All system components, including the pump, transmitter, and sensor, must be removed prior to being screened with a full-body scanner. To avoid system removal, request an alternative screening method, if necessary.

•     Carry the Medical emergency card provided with the device when traveling. The Medical emergency card provides critical information about airport security systems and pump use on an airplane. Not following the guidance on the Medical emergency card may result in serious injury.

Waterproof capabilities

•     The pump is waterproof at the time of manufacture and when the reservoir and tubing are properly inserted. It is protected against the effects of being underwater to a depth of up to 12 feet (3.6 meters) for up to 24 hours.

•     If the pump is dropped, hit against a hard object, or otherwise damaged, the waterproof characteristics of the outer casing of the pump may be compromised. If the pump is dropped or might be damaged, carefully inspect it to confirm that there are no cracks before exposing the pump to water.

•     This waterproof capability rating applies only to the pump.

•     If water may have entered the pump or other pump malfunction is observed, check BG and treat high BG as necessary using an alternative source of insulin. Contact 24-Hour Technical Support for further assistance, and consult a healthcare professional about high or low BG levels or with any other questions about care.

Electrostatic discharge

•     Very high levels of ESD can result in a reset of the pump’s software and a pump error alarm. After clearing the alarm, confirm that the pump is set to the correct date and time, and that all other settings are programmed to the desired values. Following a pump reset, the SmartGuard feature will be unavailable for five hours to allow active insulin to be updated.

•     For more information on pump alarms, see Pump alarms, alerts, and messages, page 295. Contact 24-Hour Technical Support with any problems entering pump settings.

Extreme temperatures

Exposure to extreme temperatures can damage the device. Avoid the following conditions:

•     Pump storage temperature above 122 °F (50 °C) or below −4 °F (−20 °C).

•     Pump operating temperature above 98.6 °F (37 °C) or below 41 °F (5 °C). Insulin solutions freeze near 32 °F (0 °C) and degrade at temperatures higher than 98.6 °F (37 °C). In cold weather, wear the pump close to the body and cover it with warm clothing. In a warm environment, take measures to keep the pump and insulin cool.

•     Do not steam, sterilize, autoclave, or otherwise heat the pump.

 

Skin care products

Some skin care products, such as lotion, sunscreen, and insect repellents, can damage the plastic in the pump case.

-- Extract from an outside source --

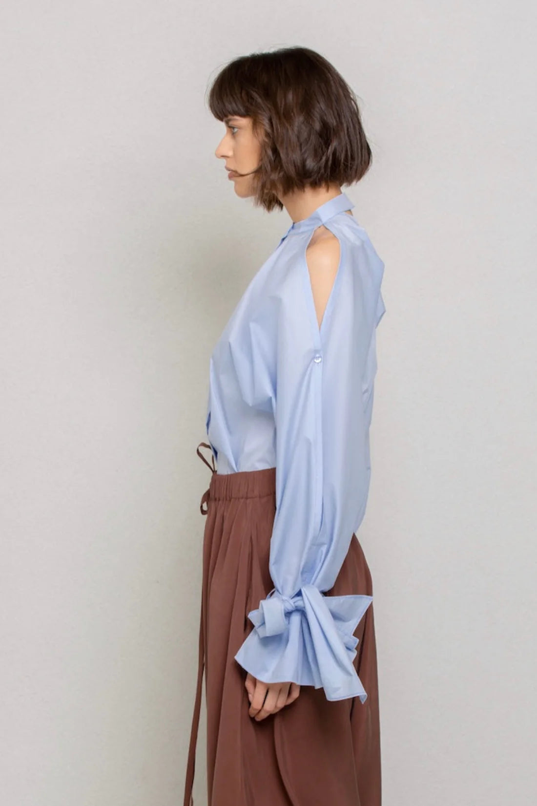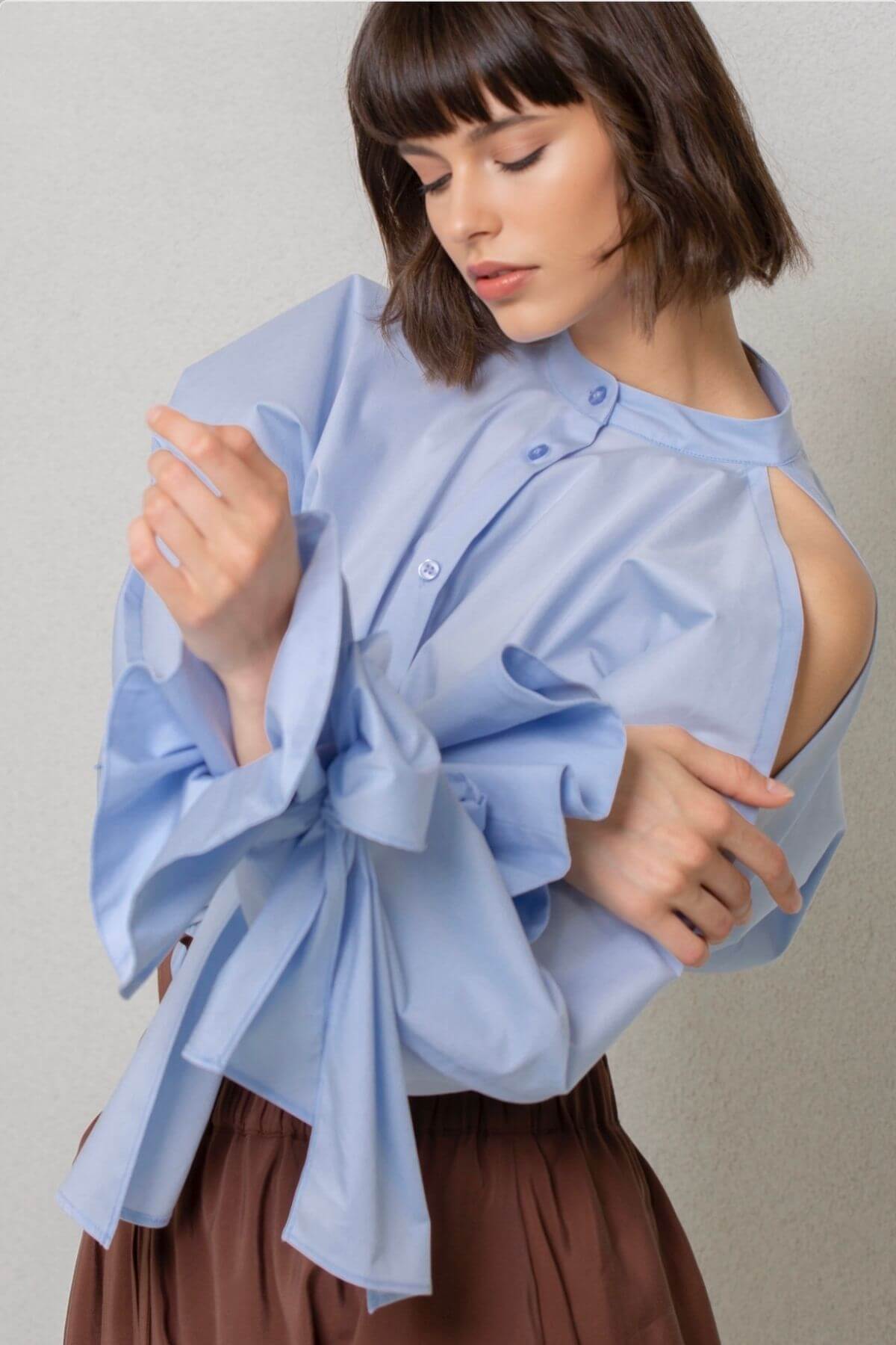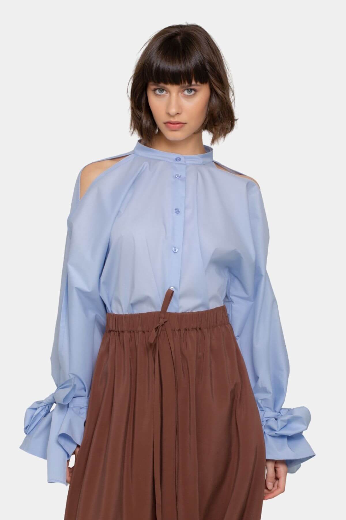 Skjorte i romantisk stil med knapstolpe midt for og mandarinkrave. De karakteristiske detaljer ved denne model er de lange, klokkeformede ærmer, der bindes med en stofrem, samt åbningen ved skulderlinjen.

After using skin care products, wash hands prior to handling the pump. If a skin care product comes into contact with the pump, wipe it off as soon as possible with a damp cloth and mild soap. For instructions on cleaning the pump, see Cleaning the pump, page 285.

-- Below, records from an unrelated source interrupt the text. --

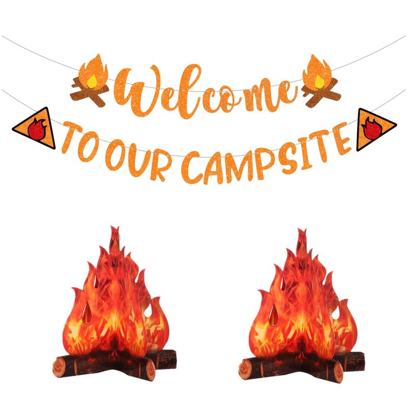 • Pre-assembled Camping Party Decorations:Package include 1 pcs welcome to our campsite banner, 2 pcs 3D Campfire, perfect for camp party decoration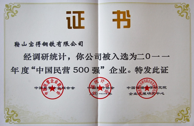 ●2011年中国民营企业500强。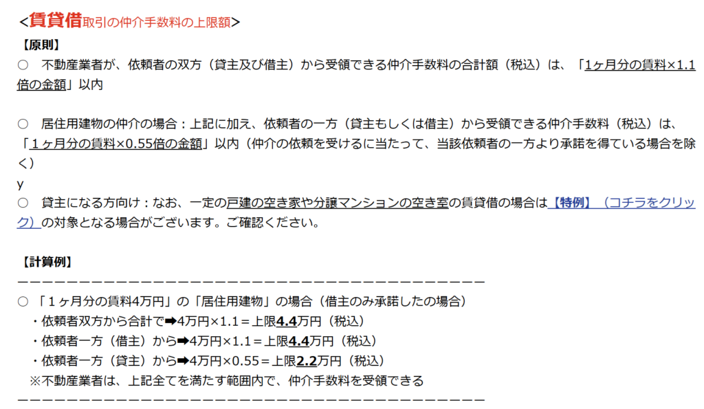 | 仲介手数料(0.55ヶ月以上の場合) | 仲介手数料の基本は貸主と借主両者からあわせて、家賃の1.1倍しか請求してはダメ+片方からは家賃の0.55倍までしか請求しては行けないルールです。 |

Infusion sets and sites, sensor, transmitter, and meter

Refer to the corresponding device user guide for all warnings, precautions, and instructions relating to the device. Failure to reference the corresponding device user guide can result in minor injury, or damage to the device.

Adverse reactions

Refer to the sensor user guide for adverse reactions related to sensor use. Failure to reference the sensor user guide may result in minor injury, or damage to the sensor.